HSPC-NK cell generation using NK MACS medium results in functional NK cells with an active phenotype
To evaluate the functionality of the HSPC-NK cells generated using the NK MACS based protocol, we determined phenotype, potency, proliferation capacity and metabolic activity for independent cultures in 6-well plates. At the end of the culture the HSPC-NK cells expressed high levels of NKG2A, NKG2D, DNAM-1 and NKp46 (mean all ≥ 70%, mean ± SD: CD16 3.0% ± 2.4, NKG2A 85.8% ± 19.5, NKG2D 73.0% ± 21.3, KIRs 33.1% ± 11.8, DNAM-1 73.0% ± 20.6, Perforin 65.2% ± 10.5, NKp46 91.5% ± 12.9) (Fig. 1H). Moreover, functionality was evaluated after K562 challenge. 61.6% ± 4.5 of the CD56+perforin+ NK cells expressed degranulation marker CD107a and 10.7% ± 3.9 simultaneously produced IFNγ, which is comparable with NK cells generated in CellGro DC medium (Fig. 1I and Suppl Fig. 1, versus 8.3 ± 2.5 and 0.3 ± 0.2 respectively for unstimulated CD56+perforin+ NK cells, mean ± SEM) [26]. In addition, high proliferative capacity of 85.1% ± 1.0 for IL2 and 95.1% ± 0.1 for IL15 activated NK cells was shown (Fig. 1J). Finally, HSPC-NK cells were evaluated in glycolytic and mitochondrial stress tests, in comparison to PB-NK cells (Fig. 1K–L). Next, fold increase of the two donors per NK cell source, measured in duplo or triplo, were pooled. The changes in ECAR and OCR were analyzed showing comparable glycolysis [HSPC-NK 1.4 ± 0.4 fold change (mean ± SEM) vs PB-NK 0.8 ± 0.1], glycolytic capacity (HSPC-NK 4.3 ± 1.4 fold change vs PB-NK 3.9 ± 0.9), and maximal respiration (HSPC-NK 4.7 ± 0.7 fold change vs PB-NK 3.3 ± 0.2). All together these data show that the NK MACS based protocol results in robust proliferation and differentiation towards potent, functional and metabolically active CD56+ NK cells.

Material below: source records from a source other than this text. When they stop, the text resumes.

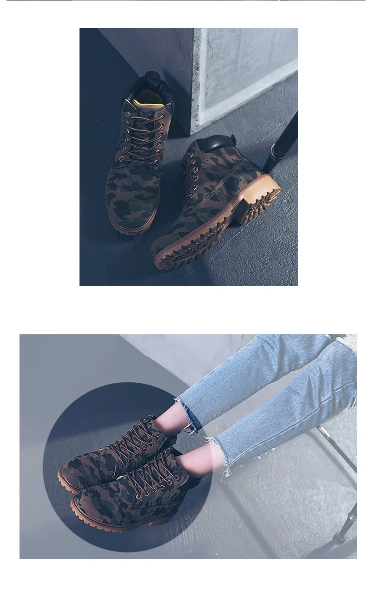 Женские ботильоны на плоской подошве, камуфляжные теплые ботинки на...
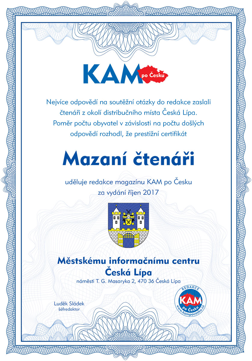 Nejvíce odpovědí na soutěžní otázky do redakce zaslali čtenáři z okolí distribučního místa Česká Lípa. Poměr počtu obyvatel v závislosti na počtu došlých odpovědí rozhodl, že prestižní certifikát Mazaní čtenáři uděluje redakce magazínu KAM po Česku za vydání říjen 2017
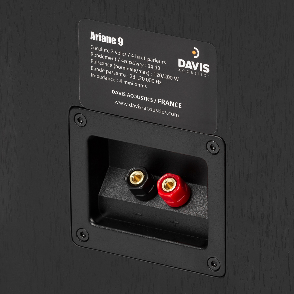 Davis Acoustics Ariane 9 - это самая крупная напольная модель в линейке Ariane от DAVIS Acoustics. Создана для комнат прослушивания площадью 40 м2 и более. Эта последняя версия обладает теми же техническими характеристиками, что и ARIANE 5 и 7, но при этом значительно увеличена глубина басов. Звуковая сцена становится еще шире и реалистичнее. Импеданс акустической системы никогда не опускается ниже 4 Ом, чтобы избежать перегрева усилителя. Высокие частоты воспроизводятся невероятно чисто благодаря новому, тонкому и особенно детализированному твитеру. С эстетической точки зрения модель доступна в двух различных версиях: светлый дуб (черная передняя панель и дубовые боковины) и более сдержанная черная отделка (все 6 сторон черные). Защитные грили имеют закругленную форму для создания современного эстетического финиша.
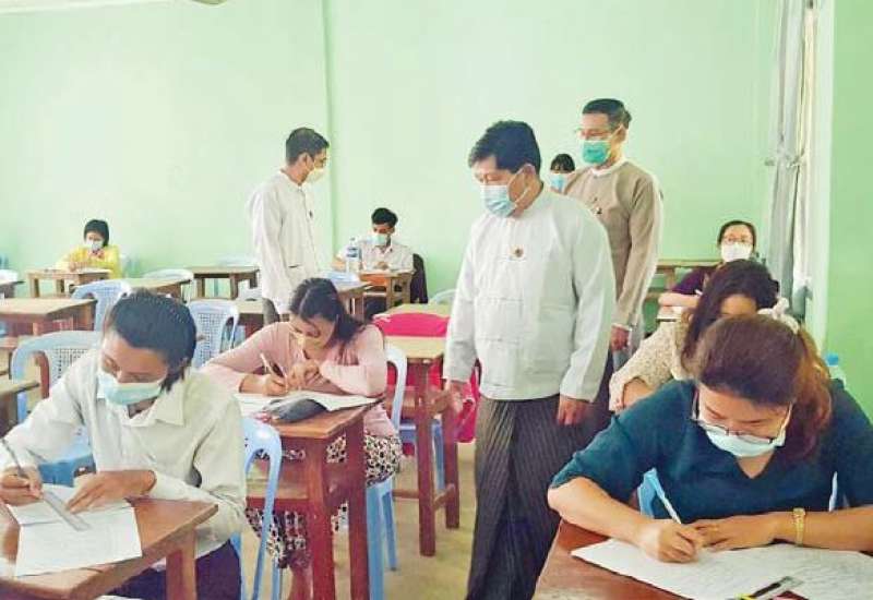 ဆောက်လုပ်ရေးဝန်ကြီးဌာန၊ မြို့ပြနှင့်အိမ်ရာ ဖွံ့ဖြိုးရေးဦးစီးဌာနတွင် လစ်လပ်လျက်ရှိသော ဒုတိယဦးစီးမှူး၊ အငယ်တန်းအင်ဂျင်နီယာ (၂)၊ ပုံဆွဲ (၂) နှင့် စာရင်းကိုင် (၂) ရာထူးအလွှာ ၈၃ နေရာ ရွေးချယ်ခန့်ထားနိုင်ရေးအတွက် သတင်းစာတွင် ကြော်ငြာထည့်သွင်း လျှောက်လွှာခေါ်ယူခဲ့သော ရေးဖြေစာမေးပွဲကို ယနေ့နံနက်ပိုင်းက နေပြည်တော်ကောင်စီနယ်မြေရှိ အမှတ်(၅) အခြေခံပညာ အထက်တန်းကျောင်း၌ ကိုဗစ်-၁၉ စည်းကမ်းချက်များနှင့်အညီ ကျင်းပရာ ဒုတိယဝန်ကြီး ဦးမင်းထိန်နှင့် တာဝန်ရှိသူများသည် ရေးဖြေစာမေးပွဲဖြေဆိုနေမှုကို လှည့်လည် ကြည့်ရှုအားပေးသည်။
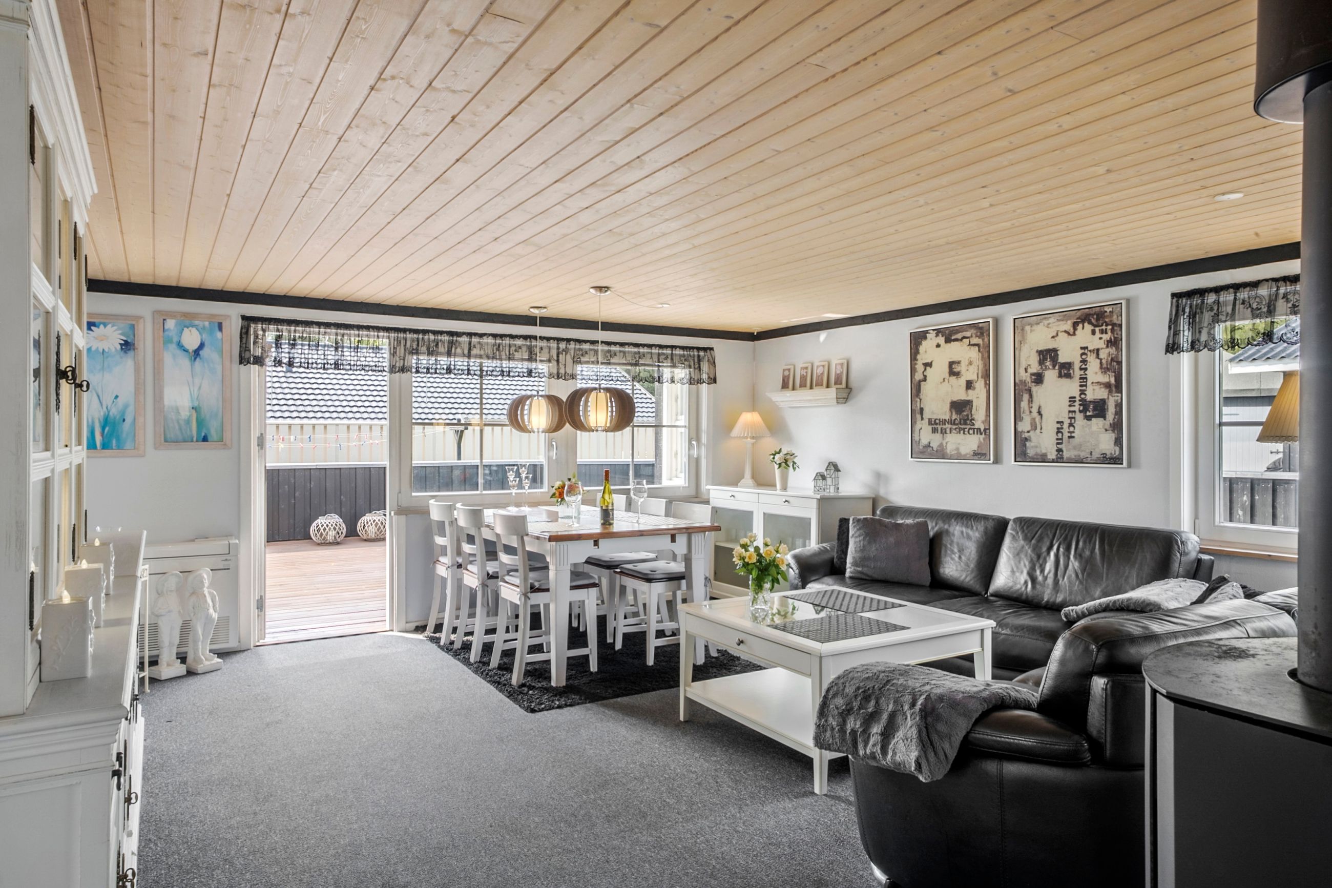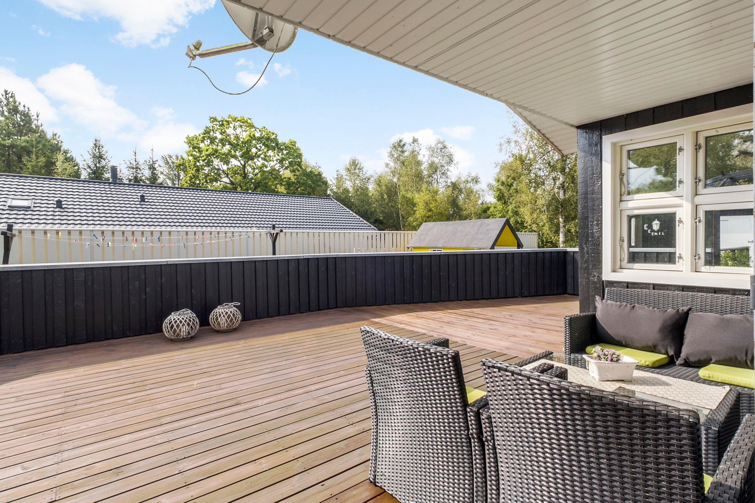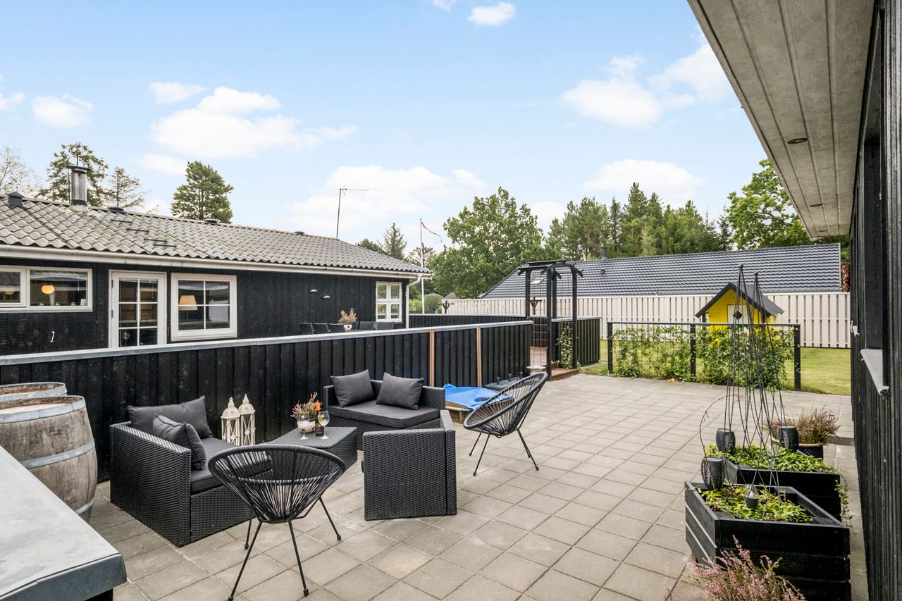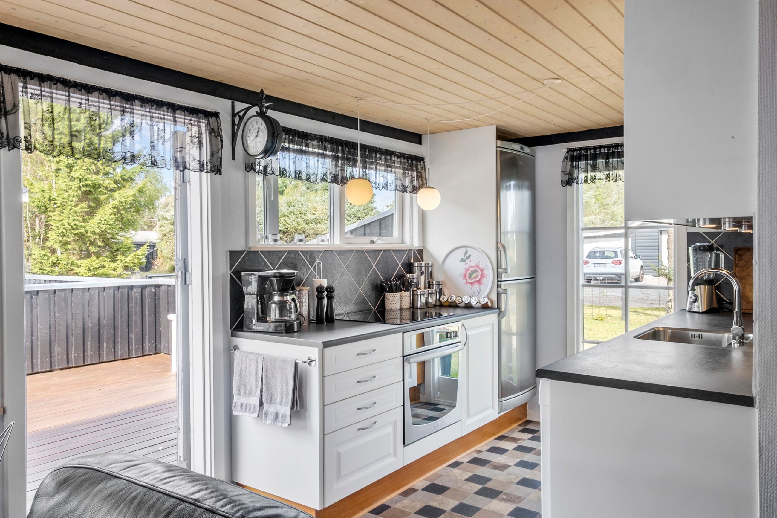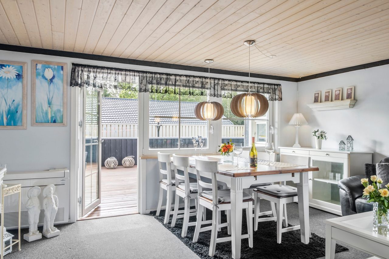 Køkkenet er flot og moderne, i åben forbindelse med den lyse spise- og opholdsstue, hvilket skaber en hyggelig og indbydende atmosfære. Herfra er der udgang til den store træterrasse, som inviterer til udendørs spisning, afslapning og sociale stunder i sommermånederne. Terrassen er ideel til solrige dage, og den omkringliggende have giver plads til leg og afslapning i fredelige omgivelser.
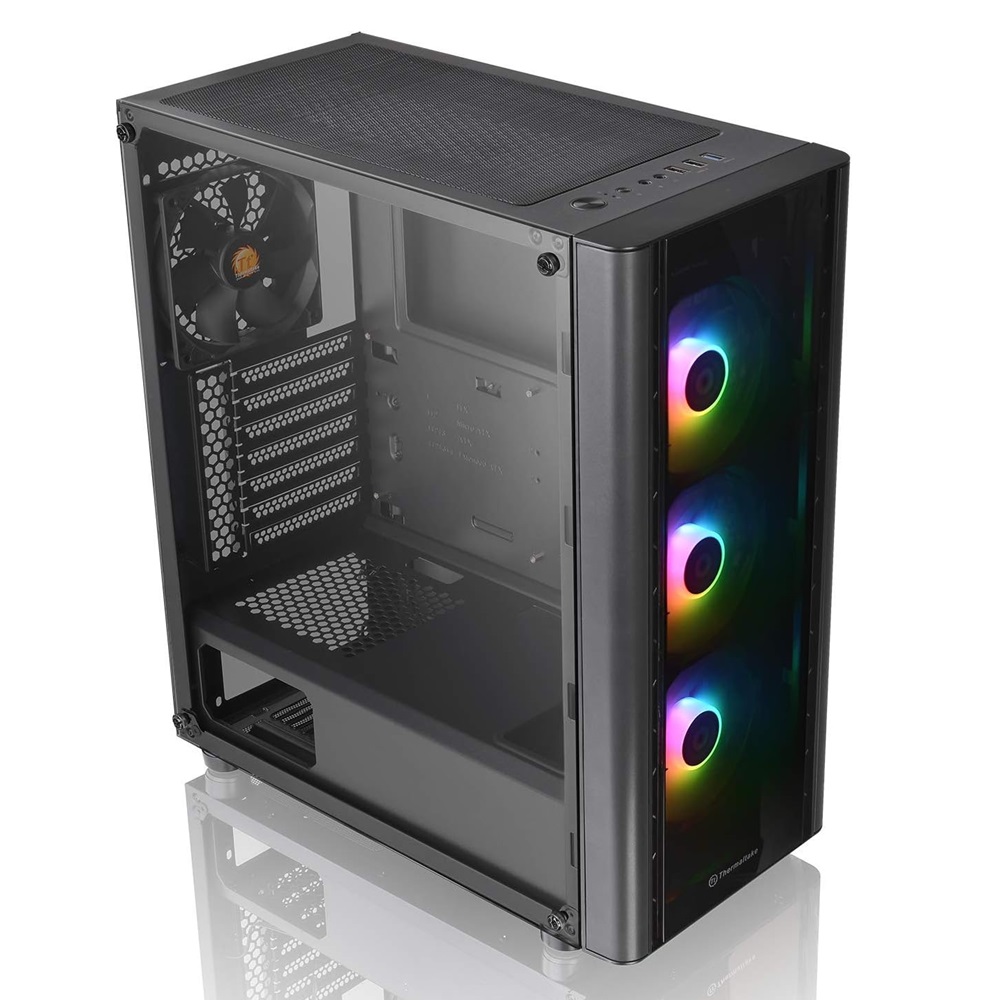 هيكل V250 Tempered Glass ARGB Mid Tower هو أحدث عضو في سلسلة Thermaltake V. يمكن التحكم في مراوح ARGB الأمامية الثلاثة المثبتة مسبقًا مقاس 120 مم 5 فولت عبر برنامج مزامنة اللوحة الأم أو مفتاح RGB الموجود أعلى منفذ الإدخال/الإخراج. تشمل الميزات البارزة الأخرى لوحة زجاجية مقسّاة مقاس 4 مم وغطاء PSU بطول كامل للحصول على أداء استثنائي بشكل عام وهو مثالي لكل من اللاعبين والمتحمسين.
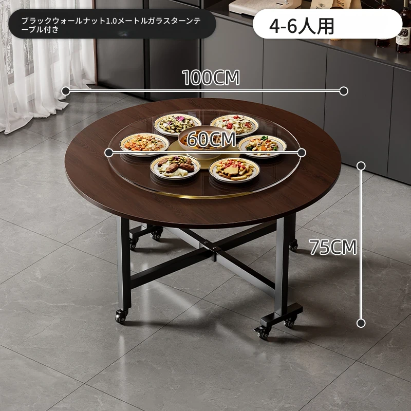 黒胡桃柄-ガラステーブルトップ1.0メートル【推奨4-6人】【防汚耐磨】【安定して崩れない】

Successful validation of the RNK001 manufacturing process
For validation of the manufacturing process seven independent runs were performed, using different UCB units, to establish the reproducibility of the culture process as documented in our investigational medicinal product dossier (Table 1). All cultures showed similar expansion patterns (Fig. 2A). Total number of nucleated cells ranged between 2.4 × 109 and 4.5 × 109 cells (670–2076 fold expansion) before harvesting the cells (Fig. 2A, B). The percentage of CD45+CD56+CD3− cells ranged between 70 and 96%, with a mean of 84%, resulting in an absolute NK cell number of 1.0 × 109 to 2.9 × 109, with a mean of 2.1 × 109, after harvesting and washing (Fig. 2C, D, Table 1). CD45+CD56− cells consisted mainly of CD14+ and/or CD15+ cells (Supplementary Table 1). CD3+ T cell content and CD19+ B cell content was < 1.0 × 105/kg and < 3.0 × 105/kg, respectively (Table 1). Maturation of the NK cell product was established with mean ± SD expression for CD16 8% ± 5, NKG2A 75% ± 11, NKG2D 63% ± 25, KIRs 11% ± 4, DNAM-1 85% ± 8, perforin 79% ± 10, NKp46 87% ± 8, NKp44 71% ± 19 and NKp30 84% ± 11 (Fig. 2E, Table 1). Moreover, functional activity after K562 challenging resulted in a mean CD107a+ expression of 52.7% ± 5.1 and IFNγ+ of 8.6% ± 1.8, which was comparable to culture in 6-well plates (Fig. 2F and Suppl Fig. 1, mean ± SEM, versus 4.5 ± 0.9 and 0.1 ± 0.0 respectively for unstimulated CD56+perforin+ NK cells (mean ± SD). Finally, HSPC-NK cells were evaluated in glycolytic and mitochondrial stress tests and compared to PB-NK cells. The changes in ECAR and OCR were analyzed showing adequate glycolysis [HSPC-NK 1.4 ± 0.5 fold change (mean ± SEM, n = 3) vs PB-NK 0.8 ± 0.1 (n = 2)] glycolytic capacity (HSPC-NK 2.5 ± 0.5 fold change vs PB-NK 3.9 ± 0.9), and maximal respiration (HSPC-NK 2.4 ± 0.4 pmol/min/normalized unit vs PB-NK 3.3 ± 0.2) (Fig. 2G, H). All cultures were sterile according to Ph. Eur. 2.6.1 and had low (< 0.3 EU/ml) endotoxin burden according to Ph. Eur. 2.6.14.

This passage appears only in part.